At 25 ct, about 70 percent of the swabs have live virus. At 30 ct it is only 20 percent. The maximum ct should be in between. https://academic.oup.com/cid/advance...aa1491/5912603

okay, if I misread your post, sorry.

Your point about interpreting the results is a good one, it's just not correct to call culture-negative but PCR-positive samples as false positives. The term has a clearly defined meaning, and that people are trying to over-interpret the results, or that a binary call from a PCR test is a poor clinical correlate doesn't mean a problem with the test false positivity spec, or with the use of 40 cycle counts. The test is not a useful forward-looking transmission risk indicator, whether you use 20 counts or 40. I think that's likely the reason that after several months of supposed contact-tracing practices around the country, nobody is crowing about the great results in transmission reduction. The likelihood is that the timeliness of the testing and tracing is far too slow to be actionable. They are constantly chasing it, but never catching up.

Even in that paper, only 3% of their PCR-positive sample set was Ct>35. If that's currently representative, it's not much of a distorting factor, and for those population statistics you refer to, it's probably not close to the biggest problem in estimating those. There's no systematic collection of symptomatic data, and the PCR testing is not being conducted in a manner which provides good population survey numbers.

It was interesting to see that even in samples that were PCR-positive at much lower Ct, they failed both to isolate virus and even to culture virus from those isolated, for significant percentages of samples. That probably says a whole lot more about their isolation and culturing protocols than about the specificity of the PCR method.

Virus infected cells are lysed (exploded) from which the RNA is extracted (then converted into DNA) for the RT-PCR assay. In Dx lab machines with blood they use magnetic beads which "stick" to the proteins on the outside of the infected cells and then use magnets to isolate them, then lyse them. Then they add "mastermix" reagents, before putting them through the PCR thermocycling to exponentially multiply and create the amplification curve (viral load/concentration/# of cycles). As an example from 0-10 cycles not much is happening (the baseline), then exponential amplification starts to occur say from 15-25 cycles. Depending on the type/concentration of reagent used the curve will start to plateau.

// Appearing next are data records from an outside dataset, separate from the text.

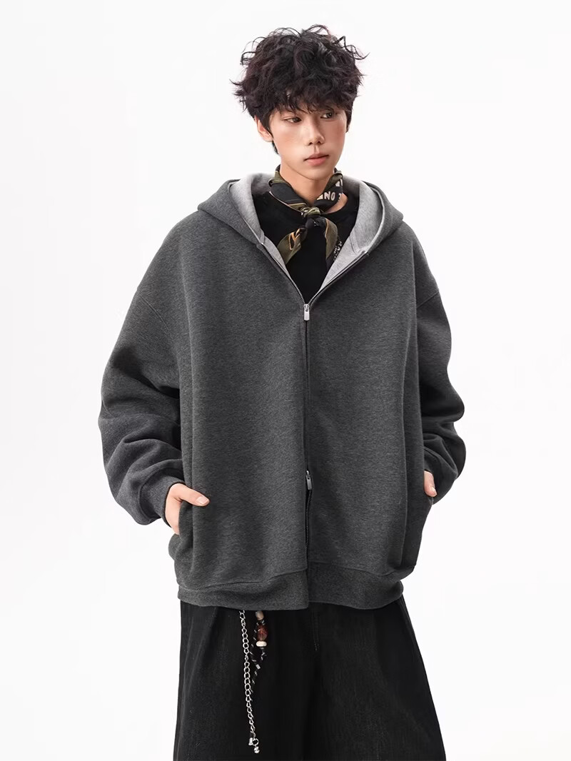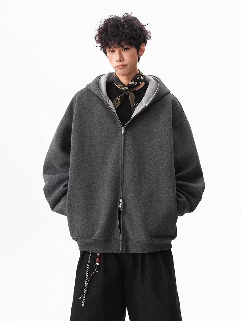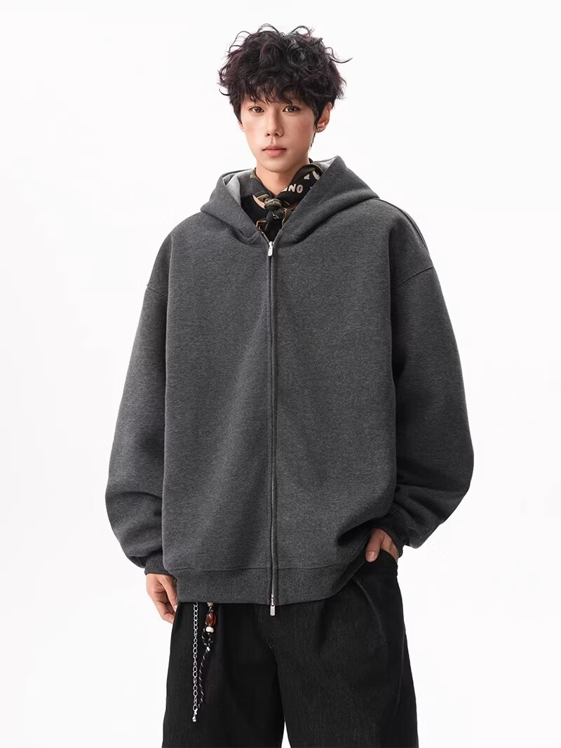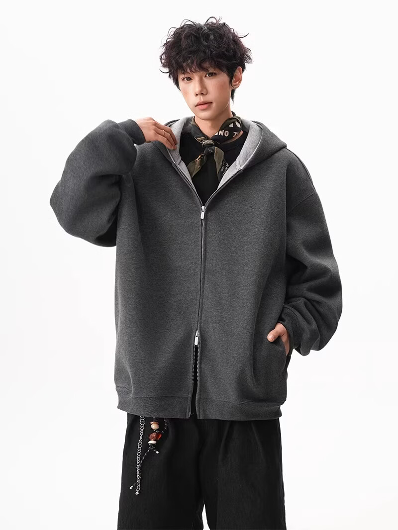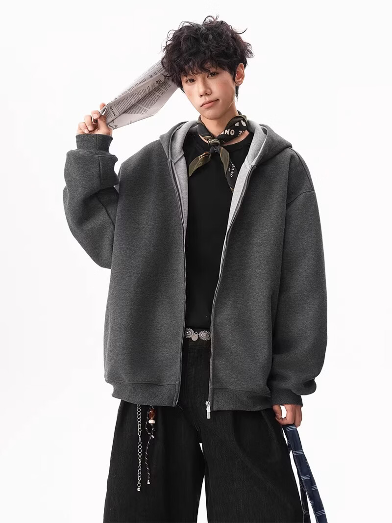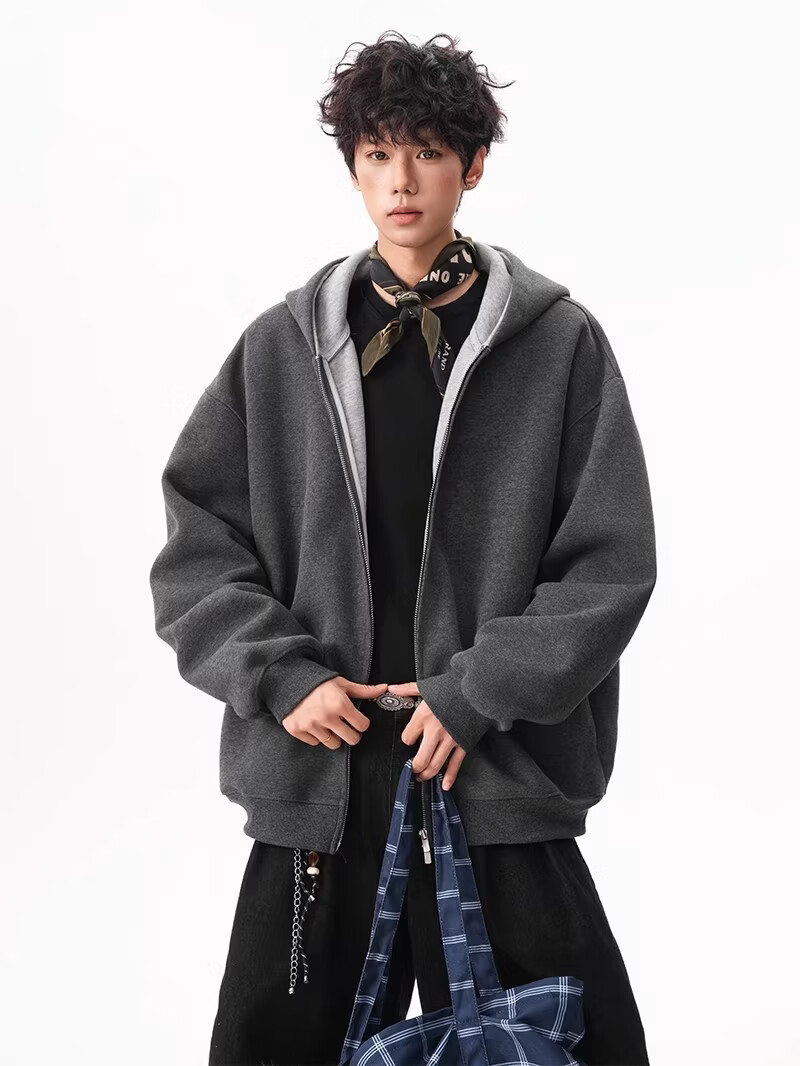 OEMG heavy cardigan sweatshirt men's spring and autumn casual hoodie sports loose color-blocked casual top versatile jacket dark gray high quality XL recommended 110-130Jin Jin equals 0.5 kg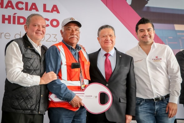 Aunado a ello, realizó la entrega simbólica de llaves para 6 pipas, una unidad de atención, 2 grúas de 80 toneladas y un camión tipo vactor para abastecer del vital líquido a miles de familias que habitan la zona conurbada de la capital hidalguense.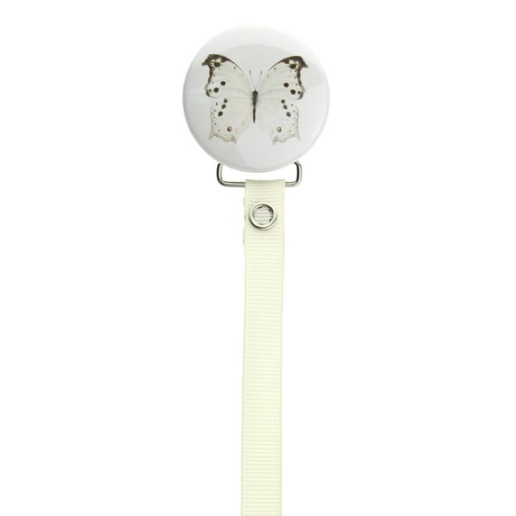 Butterfly Pacifier Clip with Matching Ribbon This just makes you smile! Perfect for a little diva or man! Original and affordable, that would make this a perfect baby gift. These Pacifier Clips are hand decorated in Brooklyn NY especially for you, the res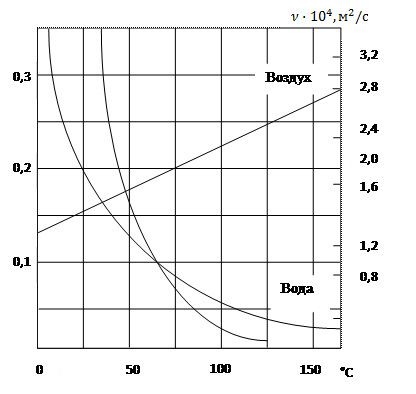Рис. 1.3. Зависимость кинематического коэффициента вязкости воды машинного масла и воздуха от температуры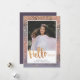 Skicka nyårshälsningar med stil med dessa moderna fotokort, med falskt guld folie konfetti över en gradient vattenfärg bakgrund. Kortet innehåller textmallar på baksidan för mer anpassning.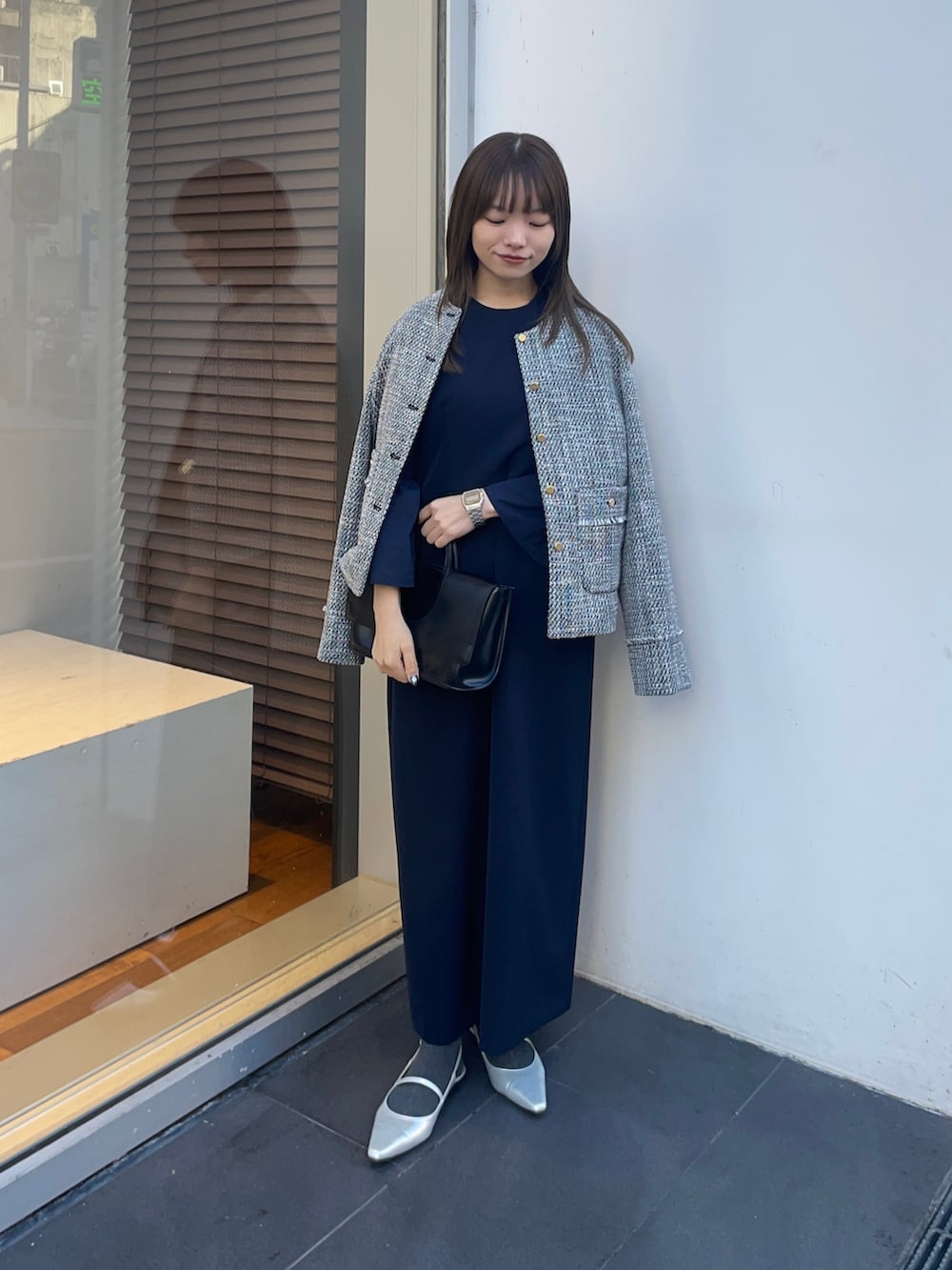 ジャケットは、ノーカラーツイードジャケットでFreeサイズですが、肩幅狭い私で着られてる感なく、合わせやすいアイテムでした✨高級感漂うツイード素材ですが、全く重さもなくさらっと着やすいですよ〜!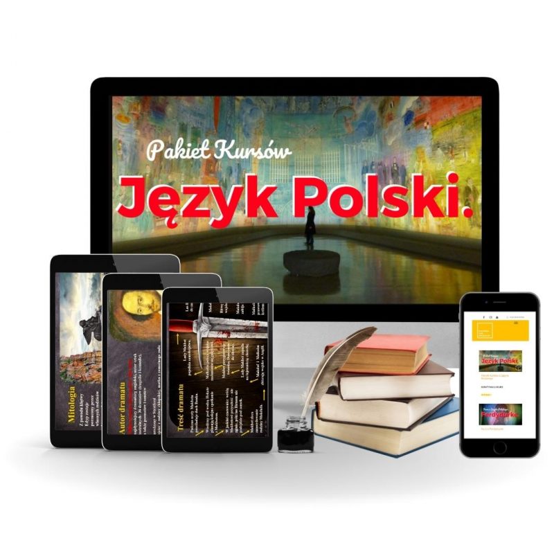 ODPOWIEDŹ: Zestaw Kursów z Języka Polskiego , który składa się z opracowań e-book i wideo. Jedną z części pakietu już posiadasz - Fiszki z Polskiego. Zatem kupując zestaw, zyskujesz dostęp do serii nowych materiałów. Forma opracowań jest przejrzysta. Korzystanie z kursu jest intuicyjnie. To, czego się dowiesz, jest wiedzą "must have" jeżeli poważnie myślisz o maturze. Kurs stanowi niepowtarzalne kompendium wiedzy o gramatyce, językoznawstwie, epokach literackich, środkach stylistycznych, motywach, lekturach, autorach i formach pisemnych.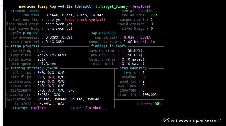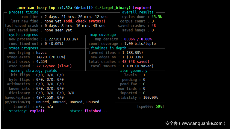 QEMU 模式会在运行时动态插桩,记录代码覆盖率信息,帮助 AFL++ 生成更有效的测试用例。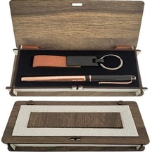Dekoratif Ahşap Kutulu Bakır Kalem Anahtarlık Set - 90923712619521000f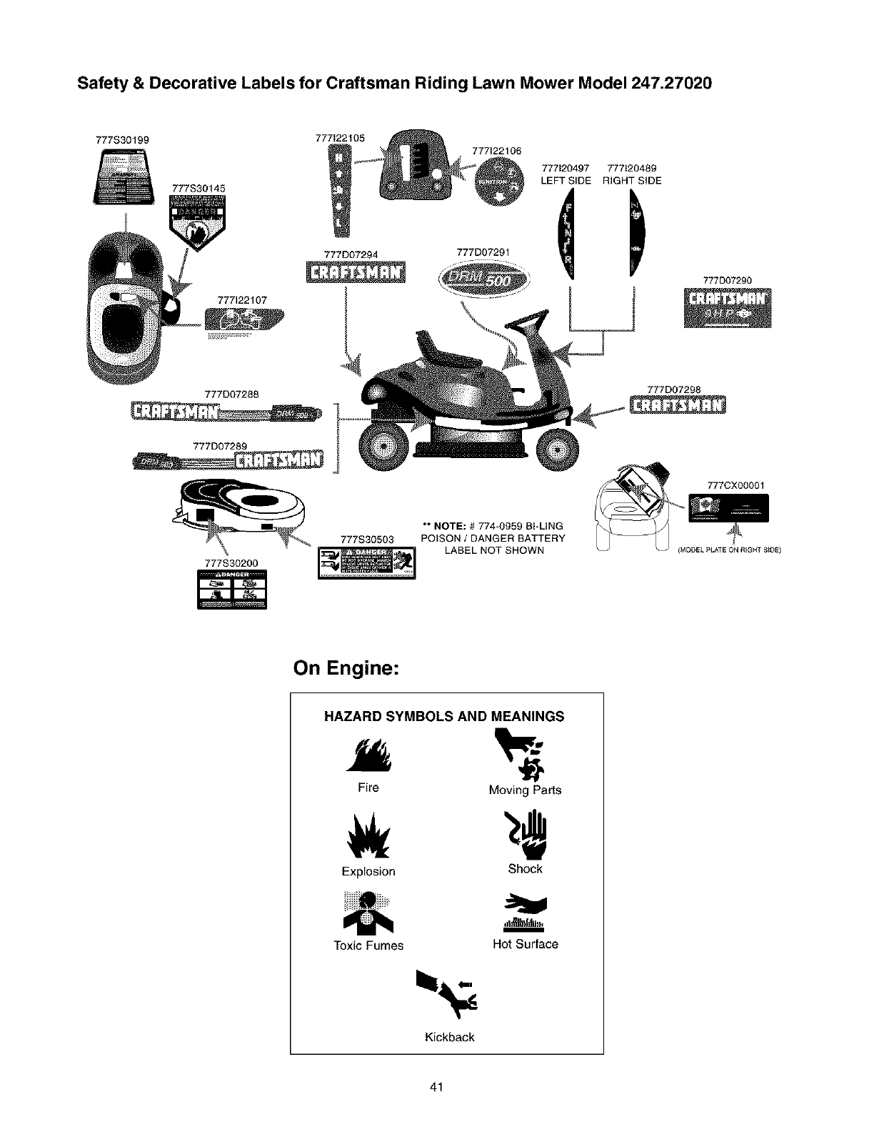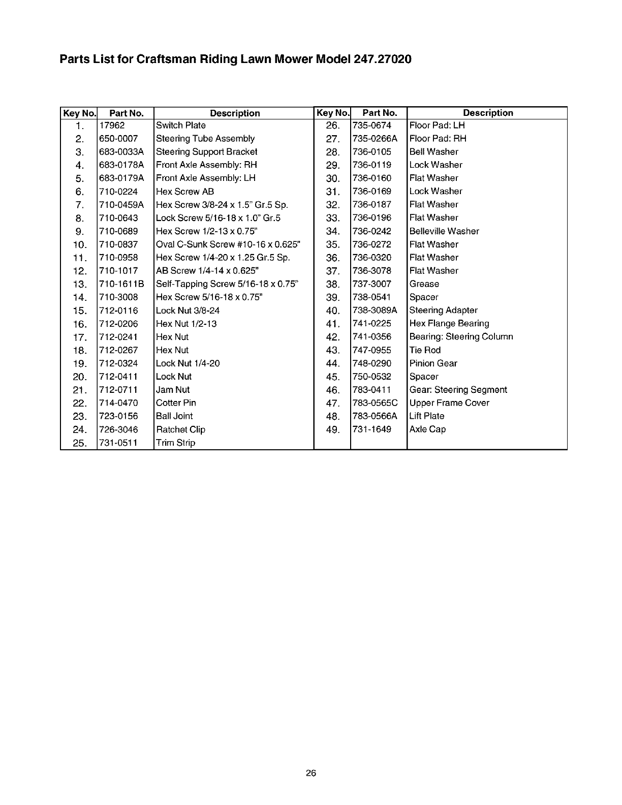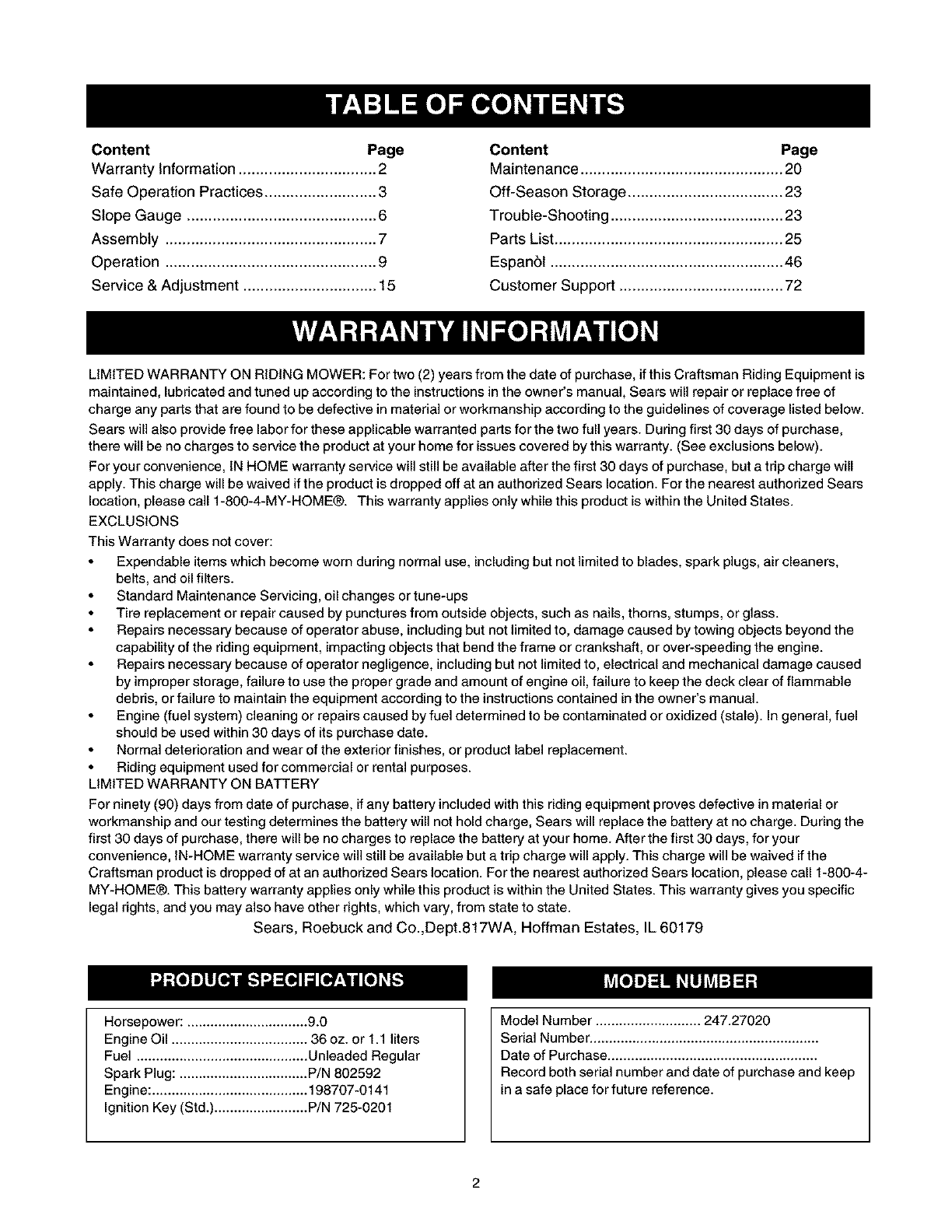 User Manual: Craftsman 247270200 247270200 CRAFTSMAN RIDING MOWER - Manuals and Guides View the owners manual for your CRAFTSMAN RIDING MOWER #247270200. Home:Lawn & Garden Parts:Craftsman Parts:Craftsman RIDING MOWER Manual

I learned a few things from one of our scientists today...The key is what they call the CT or crossing threshold and where that line is marked. This is the line used to determine a positive infection. CT should be low enough to maximize limit of detection but not too high as to call negative curves positive. A big variable.

Depending on reagent concentration used, thermocycling ramp rates and assay design, the curve can be greatly influenced by number of cycles, crossing the CT.

He also mentioned contaminated test kits/primers/reagents, contaminated labs could also lead to false positives.